◆ **Supplied material**:
****************************************

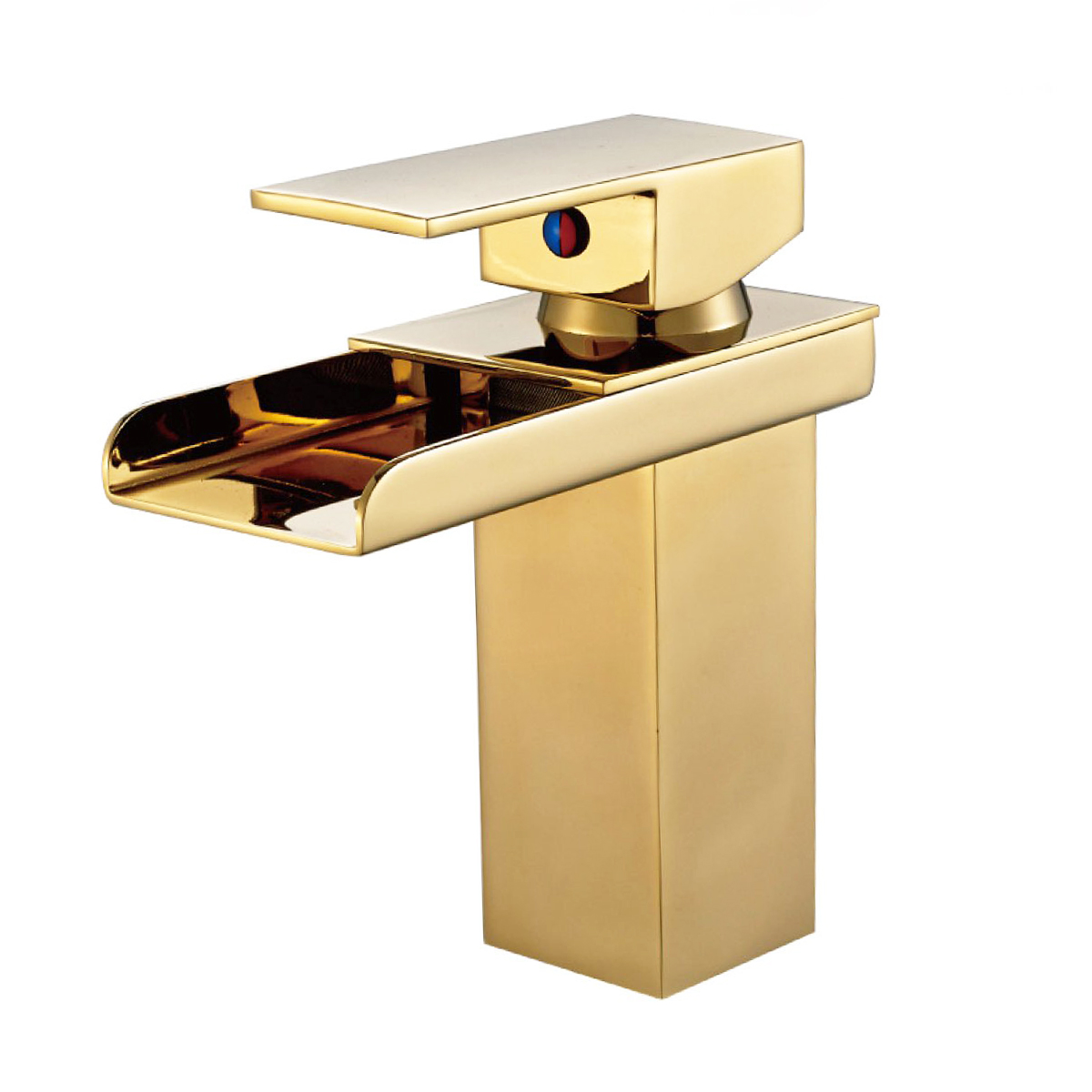 - Gold Finish Waterfall Bathroom Sink Faucet
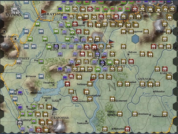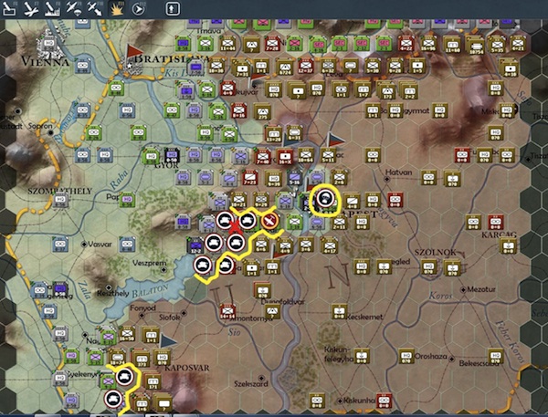 The real effort of my current turn was to reinforce the Bratislava approach (the northernmost yellow circles, and to place some powerful reserve forces, indicated by the red circles, east of Gyor, west of Kaposvar, and at the eastern edge of Lake Balaton.
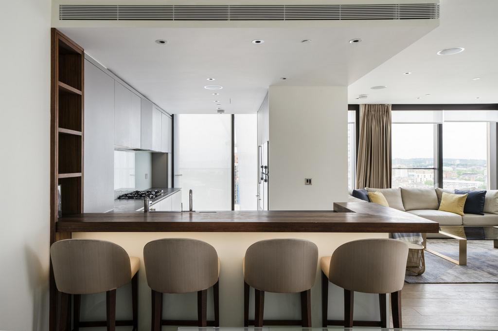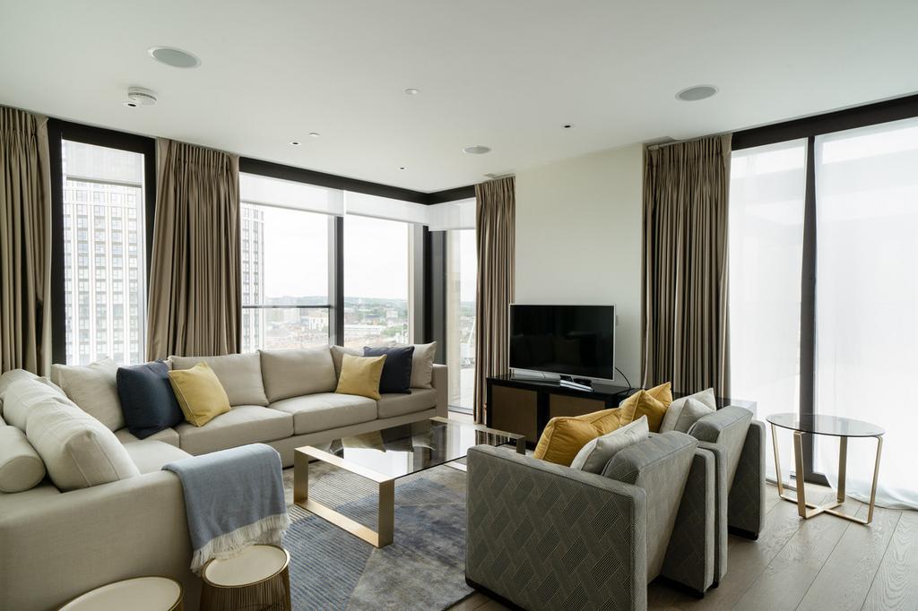 The apartment is located on the 8th and 9th floors and offers far reaching views across London. The 9th floor comprises of an open plan living room with Kitchen/dining and opens out onto the large private terrace that spans 1,094 square feet and has the added benefit of a jacuzzi.
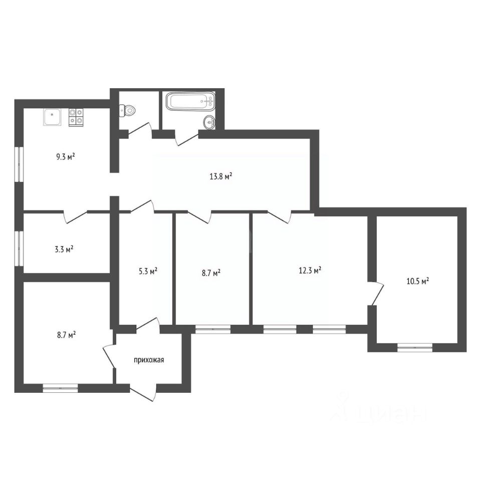 Оптимальная планировка с изолированными спальнями и огромным холлом 30м2, раздельный санузел. Высокие потолки.

****************************************

◆ **What the task asks**: The whole listing above, minus its pictures, is what you should write out word for word.

◆ **Response to the task**:
 - Gold Finish Waterfall Bathroom Sink Faucet
 The real effort of my current turn was to reinforce the Bratislava approach (the northernmost yellow circles, and to place some powerful reserve forces, indicated by the red circles, east of Gyor, west of Kaposvar, and at the eastern edge of Lake Balaton.
 The apartment is located on the 8th and 9th floors and offers far reaching views across London. The 9th floor comprises of an open plan living room with Kitchen/dining and opens out onto the large private terrace that spans 1,094 square feet and has the added benefit of a jacuzzi.
 Оптимальная планировка с изолированными спальнями и огромным холлом 30м2, раздельный санузел. Высокие потолки.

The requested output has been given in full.